Dans le cadre de l’Unité Economique Sociale (U.E.S.) Casden Banque Populaire, représentée par le Directeur Général de la Casden Banque Populaire (société mère), dont le siège social est situé 1 bis rue Jean Wiener 77447 Marne-La-Vallée Cedex 2 - SIRET 78427577802426

D’une part,

Et les Organisations Syndicales représentatives :

Pour la C.F.D.T. 

Pour la C.F.T.C

Pour la C.G.T. 

Pour l’U.N.S.A. 

D’autre part,
Il est convenu et arrêté ce qui suit :


Préambule

Conformément à l’article L.2242-1 du Code du travail, l’employeur a engagé la négociation annuelle obligatoire relative aux salaires effectifs au titre de l’exercice 2019.

Des rencontres de négociation se sont tenues les 23, 30 octobre, 7 et 9 novembre 2018 pour examiner ensemble les conditions de mise en place des mesures salariales et avantages sociaux prenant en compte la volonté des parties dans le cadre des obligations légales et/ou conventionnelles.

Article 1. Versement du salaire de base

Conformément aux dispositions relatives à l’article 39 de la Convention collective de la Branche Banque Populaire, il pourra être dérogé au principe du versement du salaire annuel de base de treize à douze mensualités égales, cette nouvelle option deviendra définitive. Dans ce cas, une demande écrite du salarié devra être formulée auprès de la Direction des Ressources Humaines avec un délai de prévenance de 1 mois avant le 1er janvier de l’année considérée.

Article 2. Principe d’évaluation de la performance individuelle


Les discussions relatives à la négociation annuelle obligatoire sur les salaires effectifs rétribuent notamment la performance individuelle des collaborateurs.

Ce concept de performance individuelle intègre d’abord la notion d’efficacité, c’est-à-dire l’idée d’entreprendre, de mener une action à son terme en vue de dépasser les résultats attendus.
A ce titre, sont également évalués les comportements requis pour mener à bien une mission,
les comportements responsables tels que la conformité (acceptation des règles et des procédures), l’altruisme (dont la coopération et le travail avec autrui), la manifestation de l’intérêt général pour la Banque.

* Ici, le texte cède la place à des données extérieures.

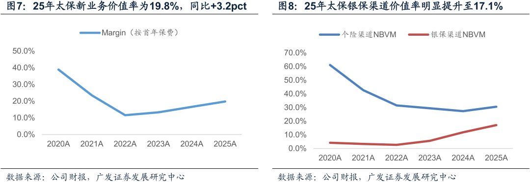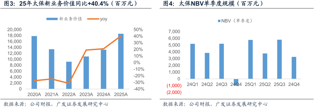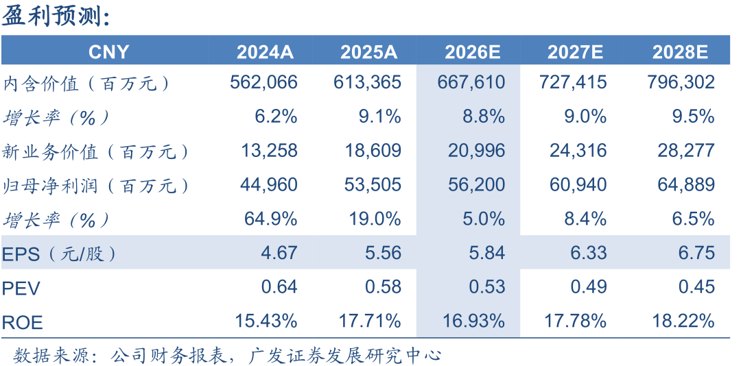 量价齐升推动NBV两位数增长。NBV同比+40.4%,较三季报32.3%进一步提升。全年新单保费同比+15.7%,其中个险持平,而银保受益于存款搬家而增长40.2%。NBVM为19.8%,同比+3.2pct,报行合一、预定利率下调叠加公司调整非传统险产品风险贴现率从8.5%至7.5%,推动价值率的提升。EV同比+9.1%(寿险EV同比+10.2%),超出预期,虽然投资偏差负贡献,但由于调整风险贴现率正向贡献1.3%,而去年同期为-12.1%。展望26年,分红险销售受益于大量存款到期有望持续向好,但价值率将小幅下降,价值稳定增长可期。

Il appartient à la ligne hiérarchique d’évaluer la performance des salariés et de mettre en œuvre
la politique de rémunération individuelle. Cette liberté d’évaluer est défini dans un cadre juridique subordonnant le respect de la mise en place de critères objectifs et pertinents au regard des missions des salariés.

Critères d’appréciation

La performance individuelle n’est pas une donnée simple. Il est nécessaire de clarifier ce qui est exactement mesuré dans l’évaluation de la performance individuelle. Les parties signataires décident de formaliser 5 critères d’appréciation afin que les salariés puissent percevoir un lien clair entre leurs efforts, leur performance et la rétribution de cette dernière.

Ils portent sur :

- le dépassement des résultats attendus sur le poste (amélioration continue des méthodes de travail et capacité à s’adapter à leurs évolutions)

- la qualité du travail réalisé (la qualité du travail réalisé est-elle suffisante ? Sinon, comment l’améliorer ?)

- les qualités personnelles mises en œuvre (exemples : conscience professionnelle, la réactivité, l’esprit de coopération, la maîtrise de soi, le sens de la communication …)

- le niveau de contribution à l’intérêt collectif et général de l’entreprise (exemples : conduite du changement, participation aux actions/projets transverses …)

- la capacité d’engagement (exemples : investissement, esprit créatif, prise d’initiatives, innovation…)

En cas de fonction managériale, le niveau d’engagement dans l’accompagnement des collaborateurs de l’équipe sera également évalué (montée en compétences).

A l’aide d’entretiens réguliers, menés tout au long de l’année, liés notamment à l’évaluation de l’activité, des objectifs, ou de calage ou de recadrage, le cas échéant, les managers de proximité sont en mesure d’établir un bilan individuel des réalisations constatées sur l’année 2018.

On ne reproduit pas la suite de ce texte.